Appreciate your help....


----------



## Jack Dawkins (Mar 1, 2010)

Oil consumption in these models is pretty common and nobody seems to have the right answer. Most people who have tried different replacements or modifications seem to still have the problem. 

Because mine still runs great otherwise (2002 SE with 105k mi), I just keep a few quarts with me all the time and add a quart roughly every 2-4 refuelings (~500 to 1000 miles), depending on the type of driving I've been doing.

I'd love to be burning only a quart every 3000 miles (as with erhard, above); it's my understanding that that amount of consumption is pretty standard for cars of these years or earlier. 

That being said, it seems that the oil has to be VERY low for the oil pressure light to come on. Before I knew about the problem, and started checking the level at every fill-up, the oil would get low enough to trip various sensors and the Service Engine Soon light would come on, with false trouble codes.

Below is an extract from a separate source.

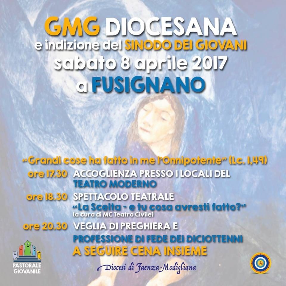 Sabato 8 aprile alle 20.30 nel corso della GMG diocesana, in programma a Fusignano, Il vescovo Mario indirà ufficialmente il Sinodo dei Giovani.
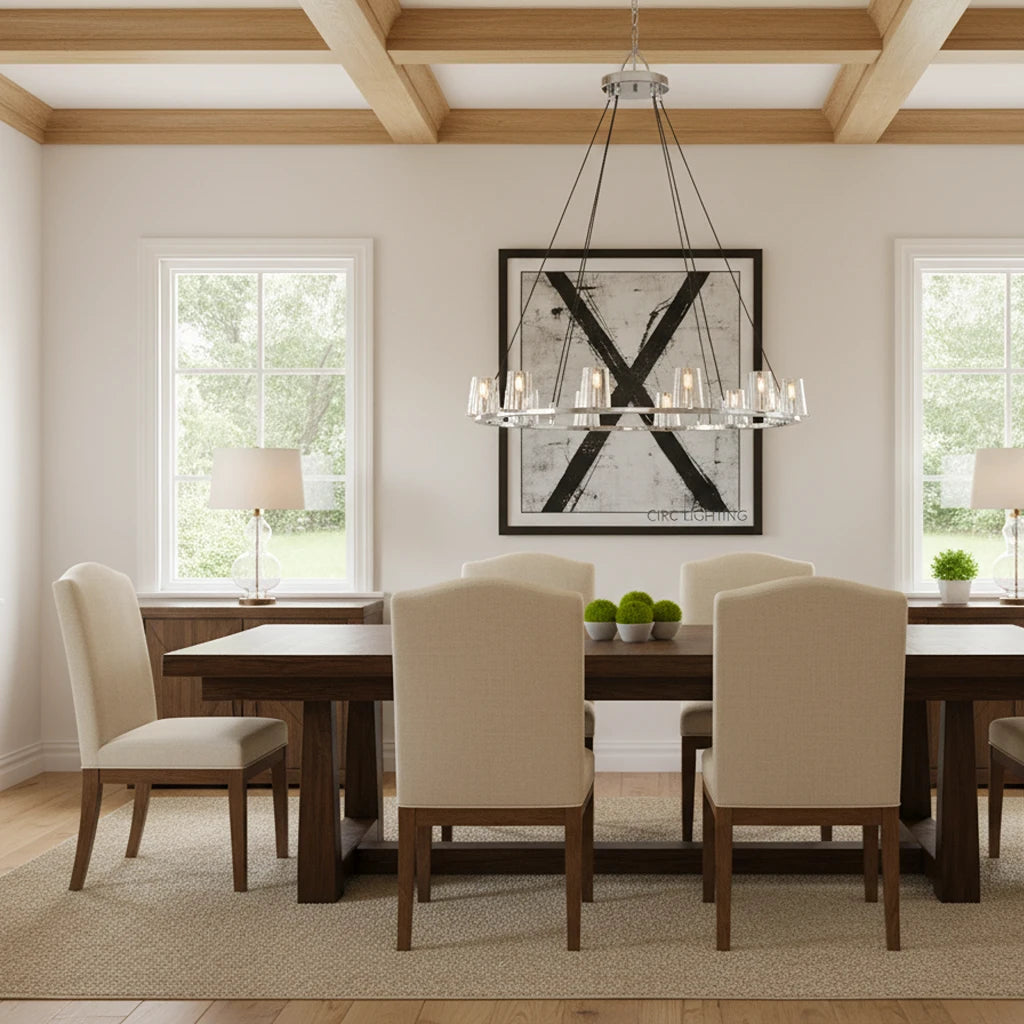 The CIRC Pauillac Round Chandelier 48" is a bold yet elegant centerpiece, showcasing a clean, contemporary silhouette with timeless versatility. Expertly crafted from solid brass and offered in Polished Nickel, Lacquered Burnished Brass, or a live Bronze finish that naturally patinas over time, this chandelier blends sophistication with durability. The hand-blown clear glass tapered shades diffuse light beautifully from twelve candelabra bulbs, filling your space with a warm, welcoming glow. Its adjustable rod system provides customizable hanging length, making it ideal for dining areas, living rooms, or grand entryways.

Because I'm putting so much fresh oil in, I extend the oil change interval to about every 5k miles.


----------



## jayray (May 24, 2010)

I buy the oil in Gallon jugs. Check the oil twice a tank and keep it at halfway on the dipstick guage. Not smoking at all, replaced oil pan, runs great and works for me. Got creative with the emissions inspection. Any solutions are appreciated, Trying the pcv solution first. Looking for a couple cats. No hurry though, just put some oil in!


----------



## smj999smj (Jan 1, 2006)

PCV issues, including bad hoses as well as clogged baffles inside the right valve cover, are common culprits. Screws falling out of the power valve and falling into the engine is another issue. Another scenario is that due to the slight taper of the cylinder bore (as designed by Nissan), the lower compression ring doesn't seal against the cylinder bore properly. Updated rings are now available, but of course that means disassembling the engine.


----------